[Dataset entries]

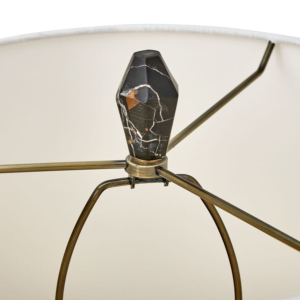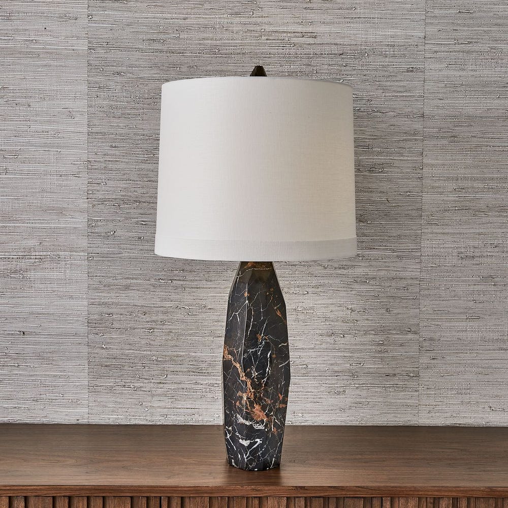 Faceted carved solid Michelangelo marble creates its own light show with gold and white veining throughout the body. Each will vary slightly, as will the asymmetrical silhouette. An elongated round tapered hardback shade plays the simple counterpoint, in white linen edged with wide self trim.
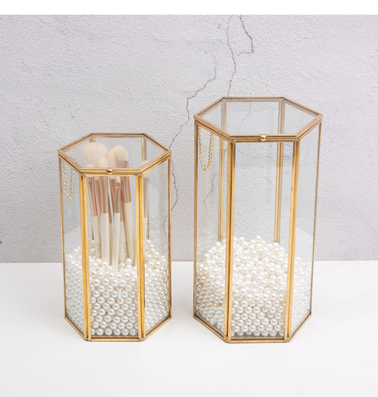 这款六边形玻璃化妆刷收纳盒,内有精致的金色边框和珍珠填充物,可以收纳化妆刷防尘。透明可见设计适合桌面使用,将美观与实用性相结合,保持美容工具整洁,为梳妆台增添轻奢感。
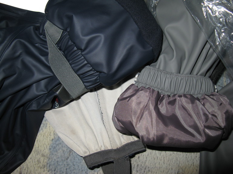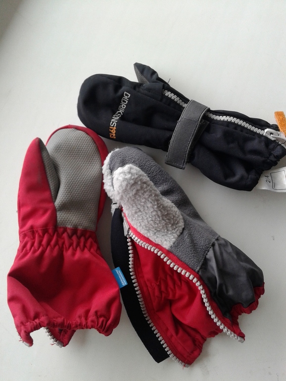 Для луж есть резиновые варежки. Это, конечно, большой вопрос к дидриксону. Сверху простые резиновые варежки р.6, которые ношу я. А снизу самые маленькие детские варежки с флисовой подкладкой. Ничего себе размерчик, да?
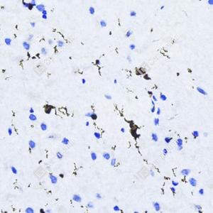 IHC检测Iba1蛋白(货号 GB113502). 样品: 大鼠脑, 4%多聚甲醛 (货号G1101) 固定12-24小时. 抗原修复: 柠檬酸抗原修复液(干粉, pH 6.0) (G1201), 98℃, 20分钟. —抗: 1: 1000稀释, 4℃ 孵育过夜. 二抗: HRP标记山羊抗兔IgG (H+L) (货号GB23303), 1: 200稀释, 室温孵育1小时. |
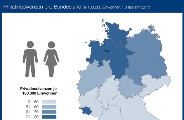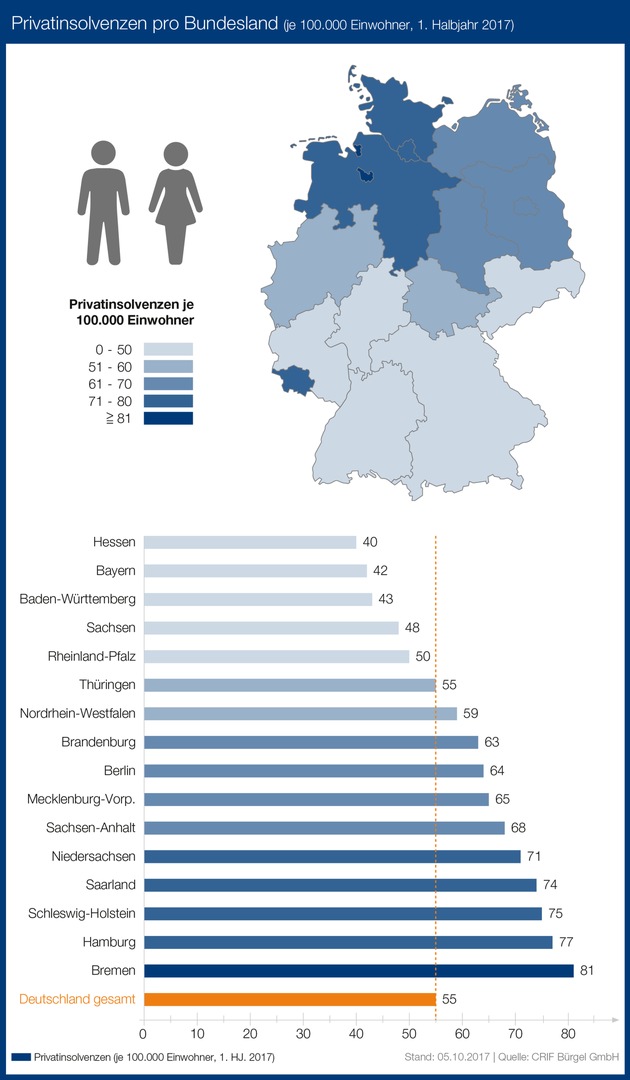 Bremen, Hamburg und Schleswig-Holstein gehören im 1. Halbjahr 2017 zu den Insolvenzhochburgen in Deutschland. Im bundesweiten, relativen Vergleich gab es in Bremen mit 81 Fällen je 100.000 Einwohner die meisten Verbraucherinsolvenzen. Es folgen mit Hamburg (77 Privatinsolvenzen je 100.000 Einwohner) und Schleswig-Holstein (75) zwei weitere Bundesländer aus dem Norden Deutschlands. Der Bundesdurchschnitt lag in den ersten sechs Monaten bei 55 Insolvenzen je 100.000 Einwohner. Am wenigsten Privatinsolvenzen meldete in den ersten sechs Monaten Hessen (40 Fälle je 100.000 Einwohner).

- _WORK INSTRUCTION_: With the images excluded, all entries are to be given again exactly.

- _TASK ANSWER_:
 Faceted carved solid Michelangelo marble creates its own light show with gold and white veining throughout the body. Each will vary slightly, as will the asymmetrical silhouette. An elongated round tapered hardback shade plays the simple counterpoint, in white linen edged with wide self trim.
 这款六边形玻璃化妆刷收纳盒,内有精致的金色边框和珍珠填充物,可以收纳化妆刷防尘。透明可见设计适合桌面使用,将美观与实用性相结合,保持美容工具整洁,为梳妆台增添轻奢感。
 Для луж есть резиновые варежки. Это, конечно, большой вопрос к дидриксону. Сверху простые резиновые варежки р.6, которые ношу я. А снизу самые маленькие детские варежки с флисовой подкладкой. Ничего себе размерчик, да?
 IHC检测Iba1蛋白(货号 GB113502). 样品: 大鼠脑, 4%多聚甲醛 (货号G1101) 固定12-24小时. 抗原修复: 柠檬酸抗原修复液(干粉, pH 6.0) (G1201), 98℃, 20分钟. —抗: 1: 1000稀释, 4℃ 孵育过夜. 二抗: HRP标记山羊抗兔IgG (H+L) (货号GB23303), 1: 200稀释, 室温孵育1小时. |
 Bremen, Hamburg und Schleswig-Holstein gehören im 1. Halbjahr 2017 zu den Insolvenzhochburgen in Deutschland. Im bundesweiten, relativen Vergleich gab es in Bremen mit 81 Fällen je 100.000 Einwohner die meisten Verbraucherinsolvenzen. Es folgen mit Hamburg (77 Privatinsolvenzen je 100.000 Einwohner) und Schleswig-Holstein (75) zwei weitere Bundesländer aus dem Norden Deutschlands. Der Bundesdurchschnitt lag in den ersten sechs Monaten bei 55 Insolvenzen je 100.000 Einwohner. Am wenigsten Privatinsolvenzen meldete in den ersten sechs Monaten Hessen (40 Fälle je 100.000 Einwohner).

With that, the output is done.